“Seriously, Dutch, why would Bertie listen to me? I wasn’t his favorite, you were.”
“Yes, but you are one of the best and the brightest of our class,” he said. “And everyone, even Bertie, respects your opinion.”
As if he’d flipped a switch, the charm was back on full force. Angie came trotting through the swinging doors, took one look at him, and turned back around and left.
“I like her,” Dutch said.
“She has a boyfriend,” Mel said.
“Ain’t that always the way?”
“Listen, I can’t make any promises, but if I see Bertie and the opportunity presents itself, I’ll do my best to plug you,” she said.
“You’re a peach, Mel.”
“Just remember that when you’re judging the contest.”
With a salute, Dutch headed out the door, and Mel felt herself collapse against the counter. Suddenly, the contest that had seemed like such a good idea was looming up like a storm cloud on the horizon, and she didn’t have an umbrella.
“Long day?” Joe asked as he refilled Mel’s wineglass.
“You could say that,” Mel said. “Between cranky customers, crazy festival competitors, and judges, I’m done.”
“How long does this thing last?” Joe asked as he stretched out beside her on the futon.
“Well, it starts with forty-four competitors, and they whittle us down each day until the last four remain.”
“Wow,” Joe said. “I think I’d rather try another serial murder case.”
“It’s going to be great publicity if we win.”
“You’ll win,” he said.
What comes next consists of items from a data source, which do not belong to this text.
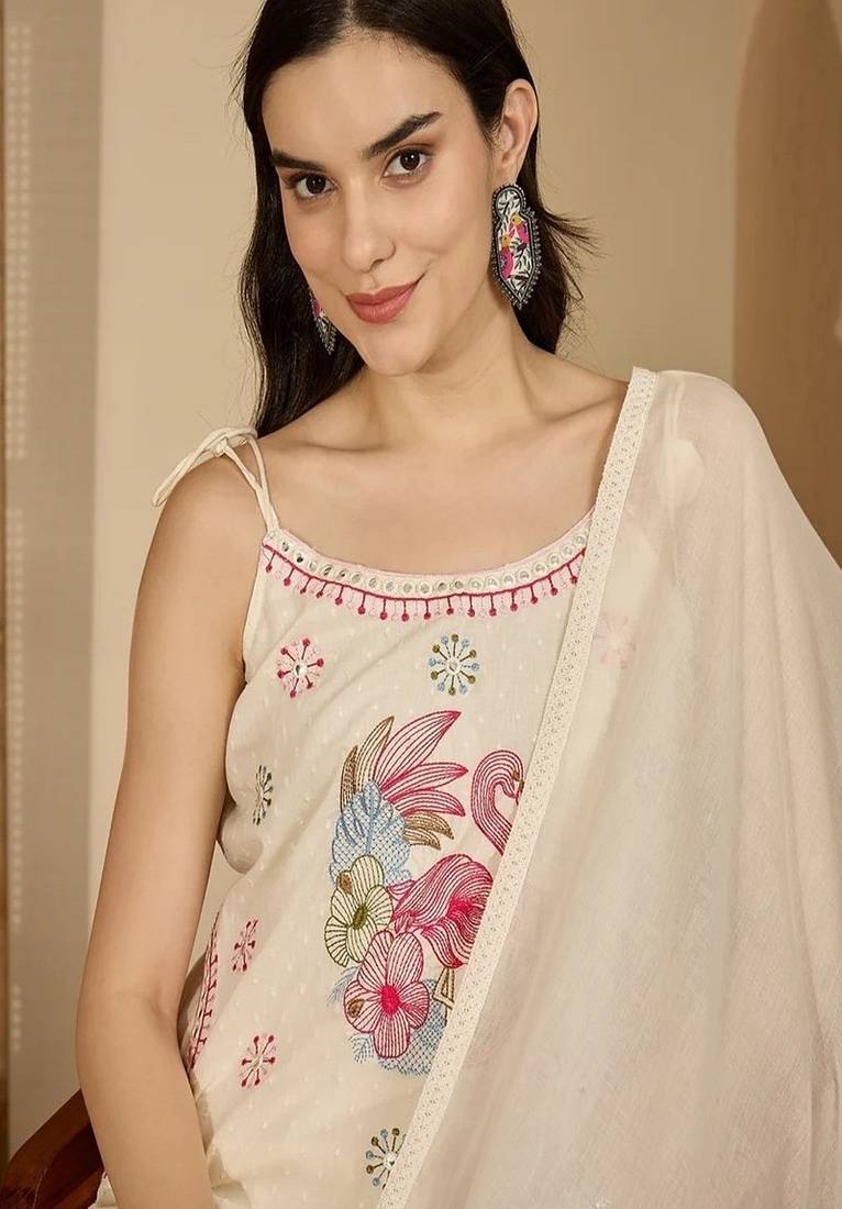 | Product Name | White Embroidered Cotton Kurta Pant With Dupatta | |
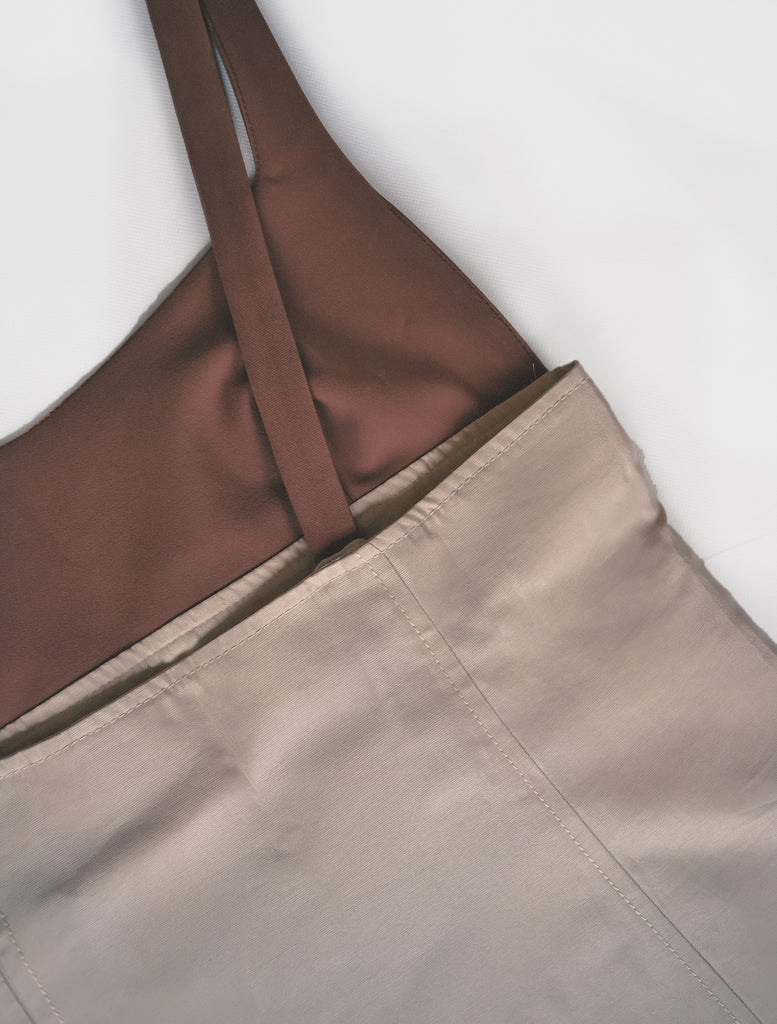 Beige and brown silk fabrication. Above knee Length. Extremely flattering cut.
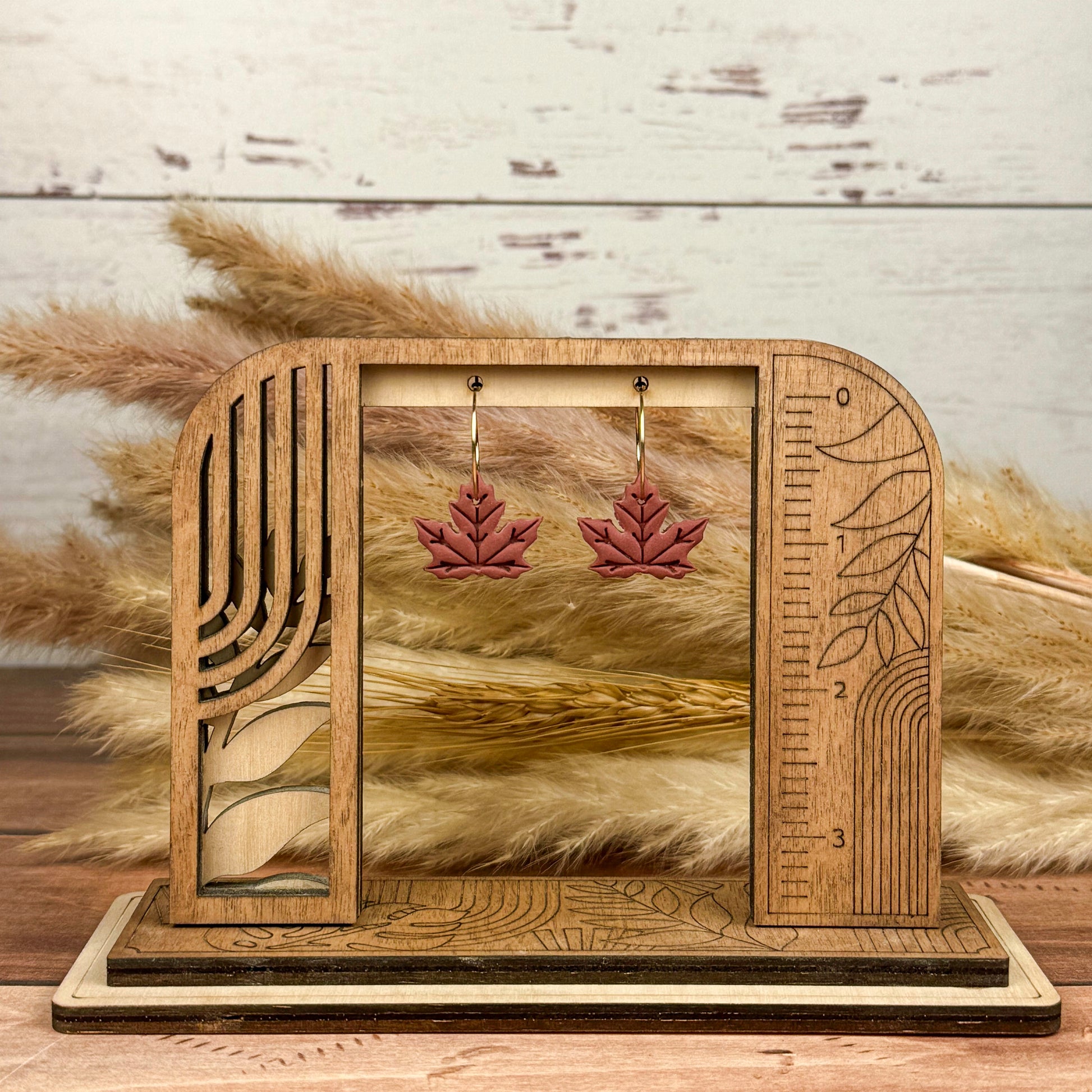 Burgundy Maple Leaf Earrings – Handmade Polymer Clay Fall Hoops

She loved the note of certainty in his voice. “You make the best cupcakes in the state. I feel bad for the poor shlubs going up against you.”
Mel smiled. This was her favorite part of the day, curled up with Joe after a nice meal, flipping through the channels while they talked about their day. It just didn’t get any better.
She had only had one significant relationship in her past, and that had been years ago when she was working as a marketing whiz in Los Angeles, before she pitched it all to go to culinary school. Her boyfriend had dumped her when she’d dropped out of the rat race.
Sometimes it frightened her how much she cared for Joe. It made her feel vulnerable in a way she had never experienced before. She truly didn’t know how she would cope if their relationship didn’t work out. She pushed the thought away as soon as it crept into her head. If her father’s death ten years before had taught her anything, it was to live in the moment.
That being said, she wondered if Angie had heard from Roach. Would their relationship die now that they were on separate continents? How would Angie handle it if it did go up in smoke?
“Whatcha thinking about?” Joe asked.
“Angie and Roach,” she said.
“She still hasn’t heard from him?” he asked.
“Not as of closing tonight,” Mel said.
Joe was silent.
“Whatcha thinking about?” Mel asked his question back at him.
“That a good brother wouldn’t be happy that his sister was about to get her heart broken,” he said.
“Do you think Roach is going to dump her?” Mel asked.
“He’s in Europe on tour with groupies launching themselves at him like sexy missiles,” he said. “I find it hard to believe that he could resist for long.”
“I hate that she might get hurt,” Mel said.
“Me, too,” he said. “But I’d also be relieved if she found someone more . . . stable.”
“I don’t want her to move to Los Angeles with him when he gets back,” Mel said. “Selfish?”
“No, she’s your best friend,” Joe said. “It’s perfectly understandable.”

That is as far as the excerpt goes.